Владимир хотел сказать: «Поздравлять, Лешенька, рано», но промолчал, участливо кивнул и затем тут же спросил:
– И ты, значит, решил встретиться с ней?
– Хочу побывать на ее концерте, послушать свою песенку, предложить ей новую. Я вот еще две сочинил.
На концерт ансамбля Вики Гомельской Алексею Щербакову пришлось идти одному: Владимир после обеда почувствовал себя плохо – сильно разболелась голова, что, между прочим, случалось у него очень редко, разболелась до такой степени, что он не находил себе места. Работать в этот день ТВК и не пришлось. От матери он поехал к себе домой вместе с Алексеем, билет на концерт купили по пути, в метро, и теперь дожидались Люсю. Оба пригласили Алексея приходить после концерта ужинать. Когда Алексей ушел, Владимир выпроводил Славика в комнату бабушки, подозвал к себе жену и, стараясь говорить как можно спокойней, сказал:
– У меня, Люсенька, что-то с глазами неладное.– Люся быстро повернулась к нему, посмотрела в глаза глубоко и тревожно. Владимир понял ее настороженность и продолжал с поддельной беспечностью:
– Понимаешь, туманность какая-то. Цвета как-то слипаются и темнеют.

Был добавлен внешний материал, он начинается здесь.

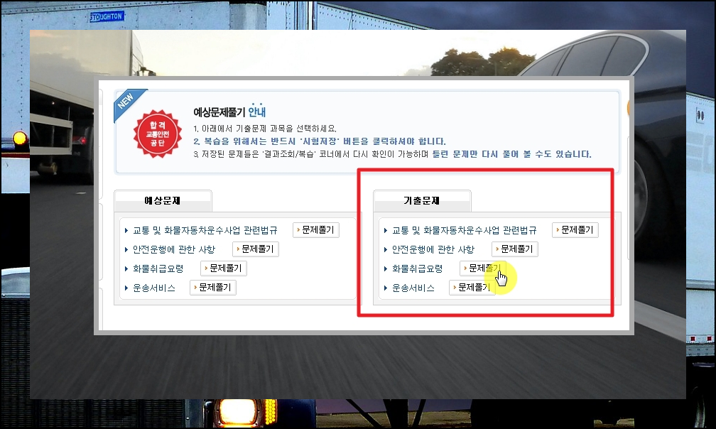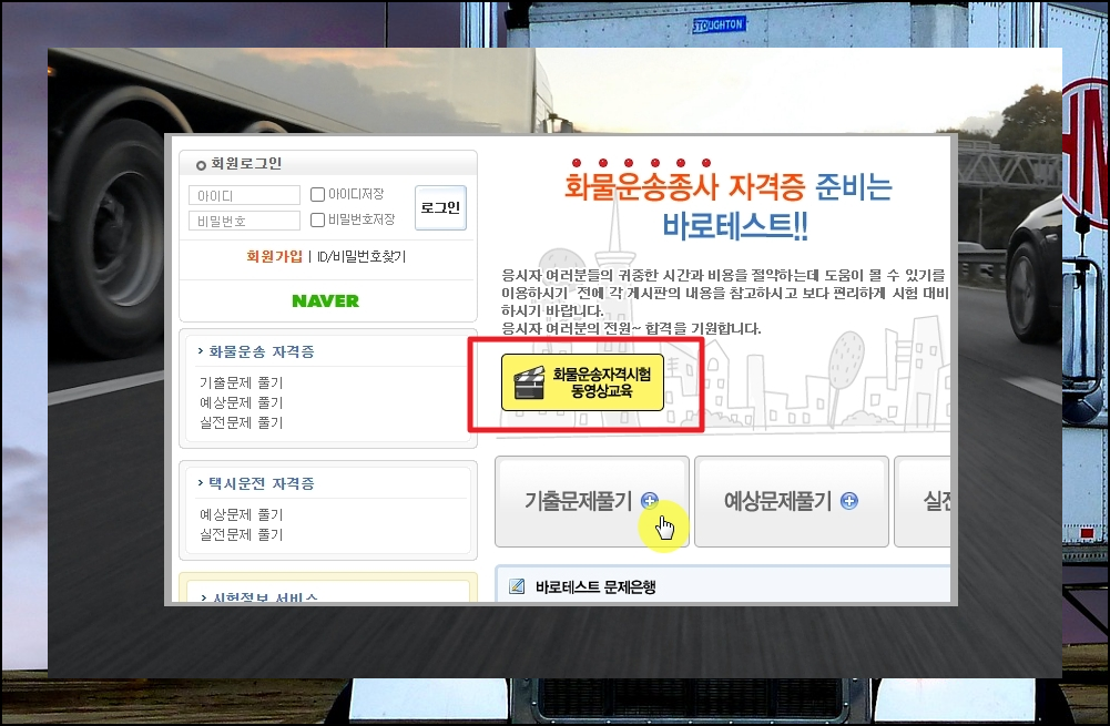 7. 해당 자격증에 관련하여 기출문제, 예상문제, 실전문제를 무료로 풀어볼 수 있도록 되어 있는데요. 추가로 "화물운송자격시험 동영상교육" 자료도 제공하고 있으니 필요한 분은 한 번 재생 시켜 보세요.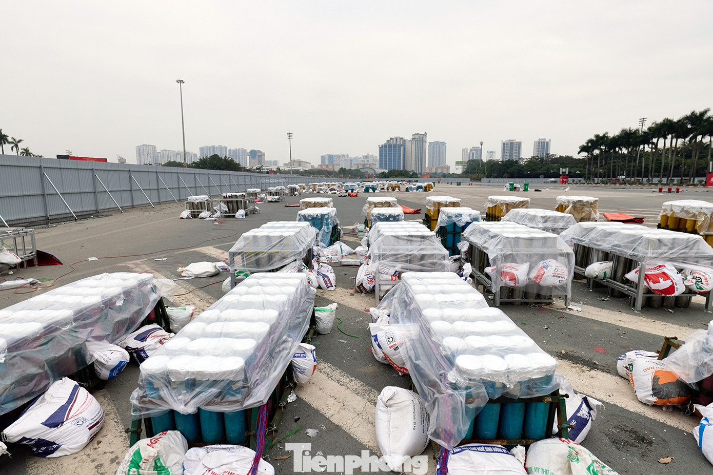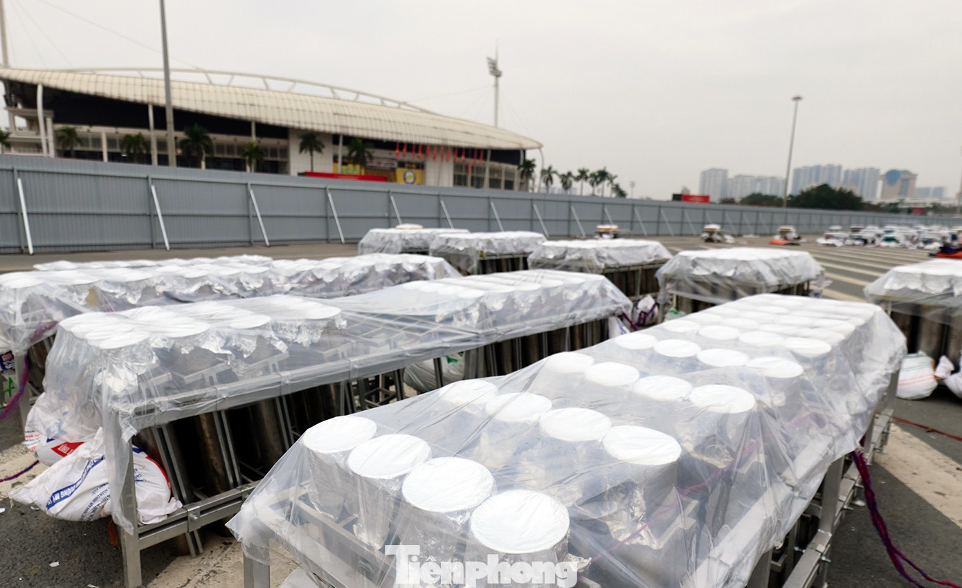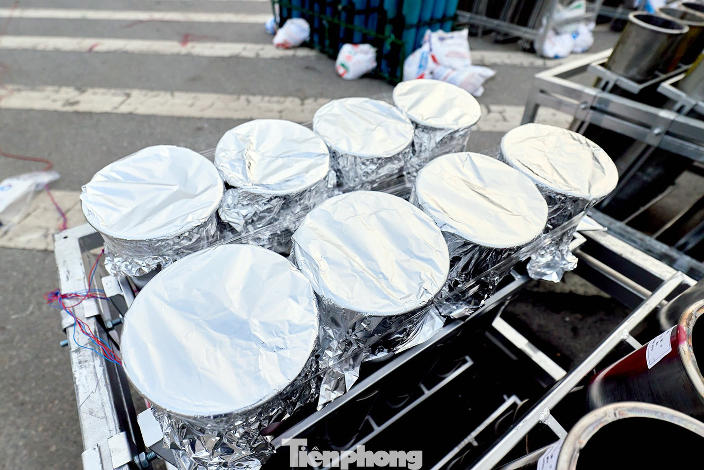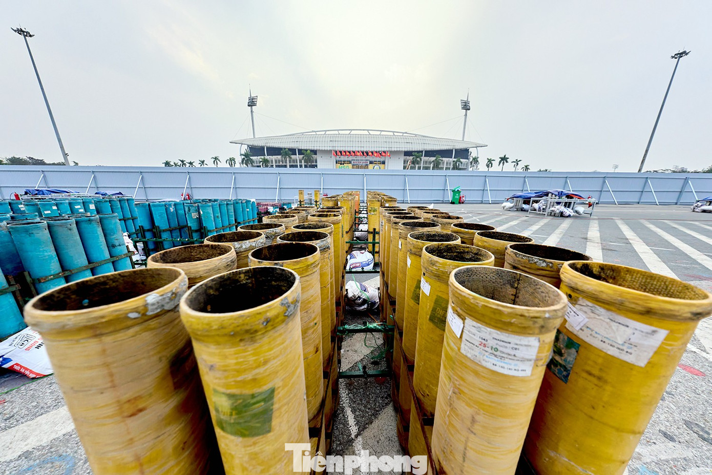 Ghi nhận tại hiện trường, gần 10.000 đơn vị pháo hoa tầm cao và hỏa thuật đã được bố trí tại khu vực sân Mỹ Đình và các tuyến lân cận. Hàng nghìn ống pháo, giàn phun được lắp đặt dọc theo khán đài B sân vận động, sắp xếp theo địa hình vòng cung, cố định chắc chắn bằng hệ thống giá đỡ chuyên dụng.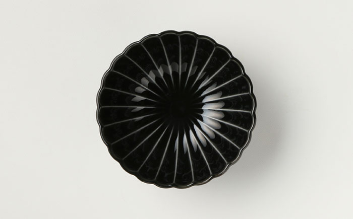 日本古来の藍染の色をやきもので表現したもので、深い藍色と菊型の白いラインがひときわガラスを連想させます。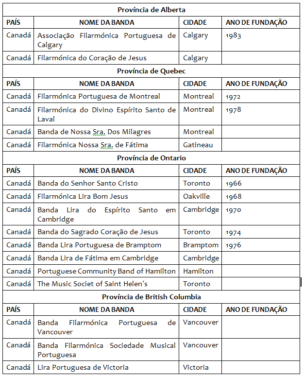 Abaixo, apresentamos um quadro contendo as bandas filarmônicas portuguesas catalogadas no Canadá. Este quadro, da mesma forma que os quadros anteriores, referente às bandas Filarmônicas portuguesas no Brasil e nos Estados Unidos, está dividido por províncias, denominação adotada no Canadá e equivalente ao estado no Brasil, apresentando o nome da Banda, a cidade onde ela está sediada e, quando foi possível identificar, o ano de sua fundação.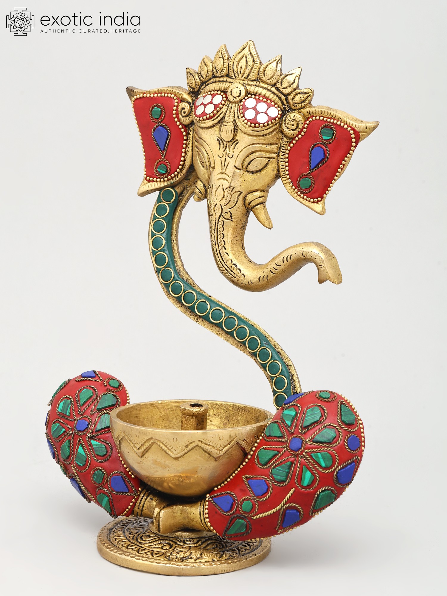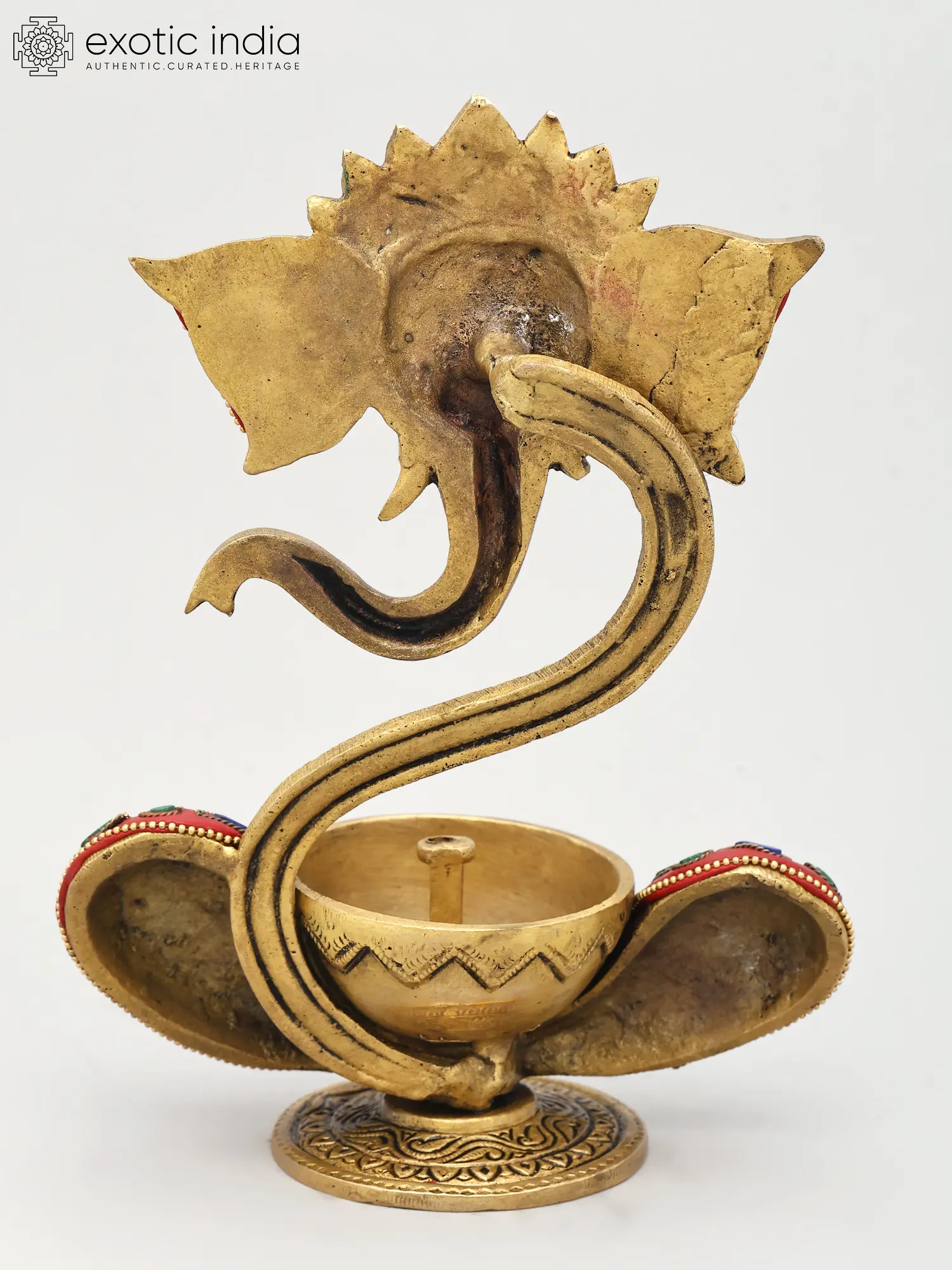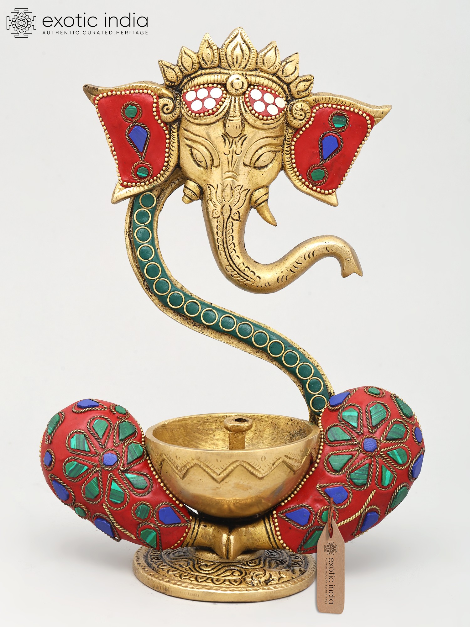 10" Designer Ganesha Lamp in Brass with Inaly Work

Он поднял глаза на картину «В загсе», когда-то яркую, солнечную, но и она теперь показалась тусклой.
– Ты просто устал, изнервничался. Тебе надо серьезно отдохнуть. Не хочешь в санаторий – поезжай в деревню. Только без палитры, без карандаша. Хорошо? Будешь на лыжах ходить, и обязательно в темных очках. Ну, хочешь, вдвоем поедем? Я попрошу отпуск за свой счет.